2015/01/10 14:54:20 8290 AddrObjRefresh ACT PEND 0%

2015/01/10 14:54:09 8289 AddrObjRefresh FIN OK 14:54:19

2015/01/10 14:53:59 8288 AddrObjRefresh FIN OK 14:54:08

2015/01/10 14:53:48 8287 AddrObjRefresh FIN OK 14:53:58

2015/01/10 14:53:38 8286 AddrObjRefresh FIN OK 14:53:47

2015/01/10 14:53:27 8285 AddrObjRefresh FIN OK 14:53:37

2015/01/10 14:53:17 8284 AddrObjRefresh FIN OK 14:53:26

2015/01/10 14:53:06 8283 AddrObjRefresh FIN OK 14:53:16

2015/01/10 14:52:56 8282 AddrObjRefresh FIN OK 14:53:05

2015/01/10 14:52:45 8281 AddrObjRefresh FIN OK 14:52:55

2015/01/10 14:52:35 8280 AddrObjRefresh FIN OK 14:52:44

2015/01/10 14:52:24 8279 AddrObjRefresh FIN OK 14:52:34

2015/01/10 14:52:13 8278 AddrObjRefresh FIN OK 14:52:23

2015/01/10 14:52:03 8277 AddrObjRefresh FIN OK 14:52:12

2015/01/10 14:51:52 8276 AddrObjRefresh FIN OK 14:52:02

2015/01/10 14:51:42 8275 AddrObjRefresh FIN OK 14:51:51

Now for some questions :-

Would you think that this might be what is interfering with our commit issue?
Is running AddrObjRefresh so frequently a normal thing? If not, is there anything I can do to diagnose what it is trying to do?
Is it possible/sensible to try and temporarily stop the AddrObjRefresh job from being scheduled?

Please be gentle: I'm a clueless newbie

mmmccorkle · ‎01-10-2015

MikeMeredith,

There are no 'dumb' questions. We all start somewhere, so no worries!

You're on the right path with checking the jobs. Good work.

Could you run the following command in the CLI, via SSH session, and log the session output to a file?

'tail follow yes mp-log ms.log'

This will show you the output from the ms.log management log file. This may show us some more details about what is going on when these AddrObjRefresh jobs kick off.

I'm referencing a very similar case here, with a pair of 5000 series having the exact same issue. (225414)

They also had setup User-ID recently and experienced the same behavior, so this could be the same issue, or very close.

How many profiles were setup for User-ID (ldap, etc) ?

In their scenario, the firewall was having trouble communicating to the LDAP server, due to other network issues, therefore user-id was taking up more cpu/ram than expected and constantly refreshing as it attempted to pull the group information.

I will bet you $100 that if you were to disable the recent changes with User-ID and the server profiles, the issue would stop occurring.

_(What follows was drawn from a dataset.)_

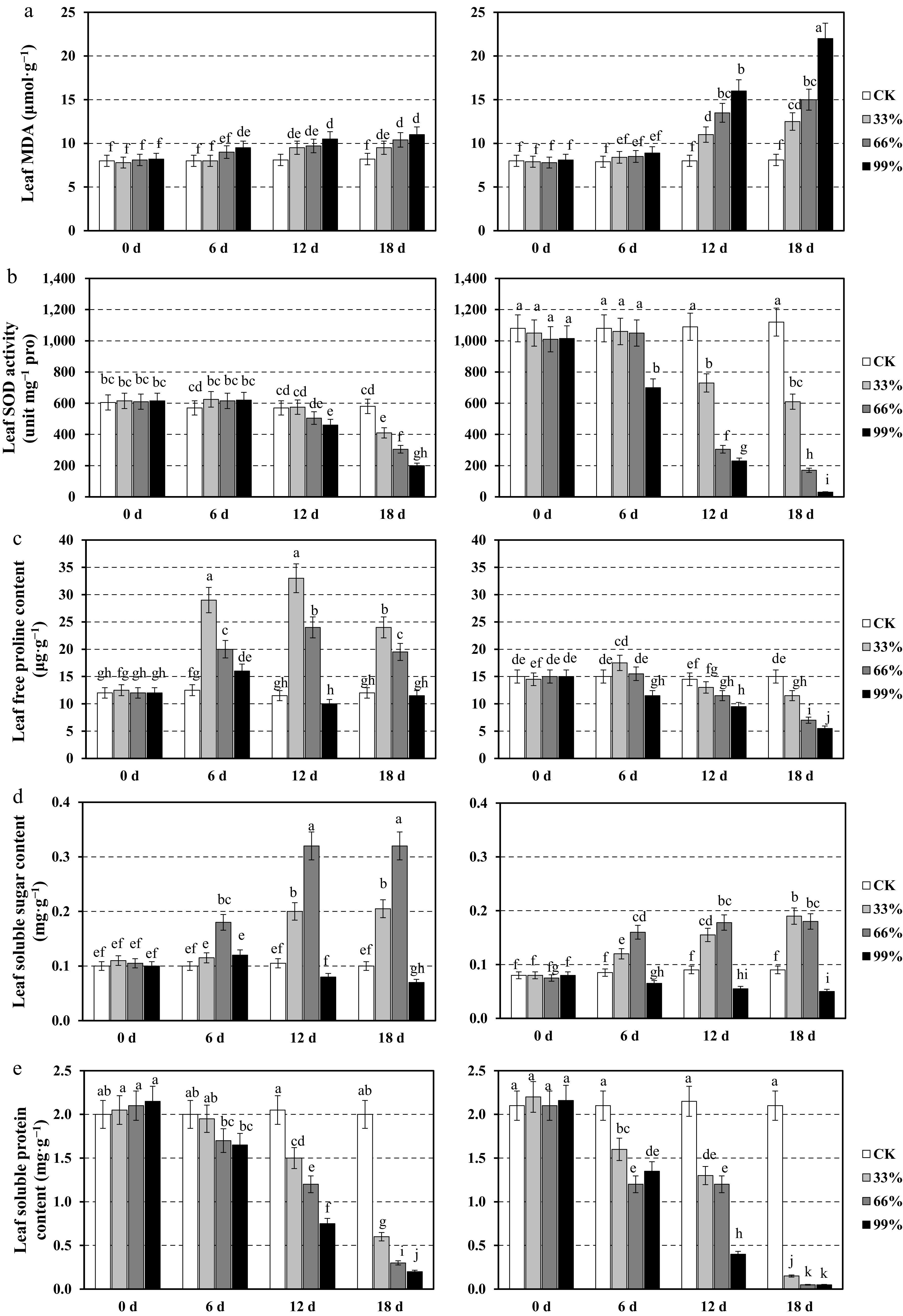 Physiological responses of the leaves in two centipedegrass genotypes, CP11 (left panels) and CP2 (right panels), under different shading levels (CK [control], 33%, 66%, and 99%) over a time course of 0, 6, 12, and 18 d. Data are shown for (a) malondialdehyde (MDA) content (μmol·g−1), (b) superoxide dismutase (SOD) activity (unit mg−1 proline), (c) free proline content (μg·g−1), (d) soluble sugar content (mg·g−1), and (e) soluble protein content (mg·g−1). Values represent the means ± standard error (SE) (n = 3). Different letters indicate statistically significant differences (p < 0.05) according to analysis of variance (ANOVA) followed by post hoc tests.

If you get the chance, please try this out and verify while it is not in production. This will help narrow down the issue.

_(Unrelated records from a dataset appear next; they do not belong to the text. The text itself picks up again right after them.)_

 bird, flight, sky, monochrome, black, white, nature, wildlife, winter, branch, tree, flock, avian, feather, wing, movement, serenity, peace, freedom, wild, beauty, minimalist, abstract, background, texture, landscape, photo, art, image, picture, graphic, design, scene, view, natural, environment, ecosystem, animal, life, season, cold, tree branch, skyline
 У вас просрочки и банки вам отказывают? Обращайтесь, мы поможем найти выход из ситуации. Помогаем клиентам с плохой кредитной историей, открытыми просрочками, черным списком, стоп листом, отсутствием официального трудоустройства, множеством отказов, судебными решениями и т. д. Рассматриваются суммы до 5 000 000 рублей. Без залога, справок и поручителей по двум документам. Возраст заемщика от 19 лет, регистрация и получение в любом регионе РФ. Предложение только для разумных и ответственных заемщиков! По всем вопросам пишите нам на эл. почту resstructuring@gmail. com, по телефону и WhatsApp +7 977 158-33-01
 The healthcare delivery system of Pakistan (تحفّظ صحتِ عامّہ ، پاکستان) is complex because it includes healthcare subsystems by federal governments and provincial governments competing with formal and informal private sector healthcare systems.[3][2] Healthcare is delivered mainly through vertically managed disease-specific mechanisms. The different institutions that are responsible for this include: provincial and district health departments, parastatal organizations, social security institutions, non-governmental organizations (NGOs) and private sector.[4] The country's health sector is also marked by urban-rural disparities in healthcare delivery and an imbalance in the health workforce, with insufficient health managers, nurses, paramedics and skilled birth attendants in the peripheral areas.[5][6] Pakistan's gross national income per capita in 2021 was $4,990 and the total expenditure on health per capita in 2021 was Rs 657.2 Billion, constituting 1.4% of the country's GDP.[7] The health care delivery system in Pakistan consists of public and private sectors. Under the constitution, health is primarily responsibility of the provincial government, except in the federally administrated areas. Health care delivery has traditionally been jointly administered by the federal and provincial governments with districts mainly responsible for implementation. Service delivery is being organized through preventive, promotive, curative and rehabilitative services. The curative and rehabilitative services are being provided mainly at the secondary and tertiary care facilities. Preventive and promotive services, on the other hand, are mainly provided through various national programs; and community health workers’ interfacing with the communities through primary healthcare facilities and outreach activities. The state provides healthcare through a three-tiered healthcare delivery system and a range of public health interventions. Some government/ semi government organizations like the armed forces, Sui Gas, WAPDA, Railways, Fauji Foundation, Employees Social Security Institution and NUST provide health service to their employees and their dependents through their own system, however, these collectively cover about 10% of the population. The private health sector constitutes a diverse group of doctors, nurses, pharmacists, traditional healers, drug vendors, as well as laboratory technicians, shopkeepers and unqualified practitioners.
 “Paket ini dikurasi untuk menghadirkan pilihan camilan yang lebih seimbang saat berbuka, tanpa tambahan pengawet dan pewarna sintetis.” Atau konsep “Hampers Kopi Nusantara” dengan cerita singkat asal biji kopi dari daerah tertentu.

Let me know and we can go from there,

Thanks!

MikeMeredith · ‎01-11-2015

Thanks for the reply.

I'm also pretty sure that disabling the "AD" profile will sort things out, but that's a test for Monday unless there's a CLI command along the lines of "commit when you next have a chance to do so" 🙂

There are two LDAP server profiles, but only one is enabled (the Active Directory one). I'd be mildly surprised if there are network issues between either PA-5060 and the relevant AD server as although they're on different VLANs, there not a great deal of network between them. But I'd not be very surprised to find our Active Directory is in a bit of a state - a certain well known Python script that exports the binary database (1.6Gbytes!) to a text version took over a week to run just before Xmas.

I'll raise a support call with our reseller and mention 225414.

A short extract from the output of tail follow yes mp-log ms.log:-

2015-01-11 07:38:41.515 +0000 device server refresh triggered via sysd
2015-01-11 07:38:41.515 +0000 Aborting. Another refresh in progress2015-01-11 07:38:42.162 +0000 client useridd disabled/restarted
2015-01-11 07:38:44.171 +0000 client useridd enabled 
2015-01-11 07:38:44.171 +0000 device server refresh triggered via sysd
2015-01-11 07:38:44.172 +0000 Aborting. Another refresh in progress2015-01-11 07:38:44.823 +0000 client useridd disabled/restarted
2015-01-11 07:38:45.579 +0000 client device reported Phase 1 was SUCCESSFUL
2015-01-11 07:38:46.842 +0000 client useridd enabled 
2015-01-11 07:38:46.843 +0000 device server refresh triggered via sysd
2015-01-11 07:38:46.843 +0000 dnscfgmod: Main refresh function: (unknown)
2015-01-11 07:38:46.849 +0000 dnscfgmod:Fqdn refresh job 14006 scheduled
2015-01-11 07:38:47.503 +0000 client useridd disabled/restarted
2015-01-11 07:38:49.510 +0000 client useridd enabled 
2015-01-11 07:38:49.511 +0000 device server refresh triggered via sysd
2015-01-11 07:38:49.511 +0000 Aborting. Another refresh in progress2015-01-11 07:38:50.187 +0000 client useridd disabled/restarted
2015-01-11 07:38:52.189 +0000 client useridd enabled 
2015-01-11 07:38:52.190 +0000 device server refresh triggered via sysd
2015-01-11 07:38:52.190 +0000 Aborting. Another refresh in progress2015-01-11 07:38:52.844 +0000 client useridd disabled/restarted

mmmccorkle · ‎01-11-2015

MikeMeredith,

You're welcome.

Your log output matches the same errors referenced from the ms.log file in the case I mentioned, so it looks like this may be the same issue after all.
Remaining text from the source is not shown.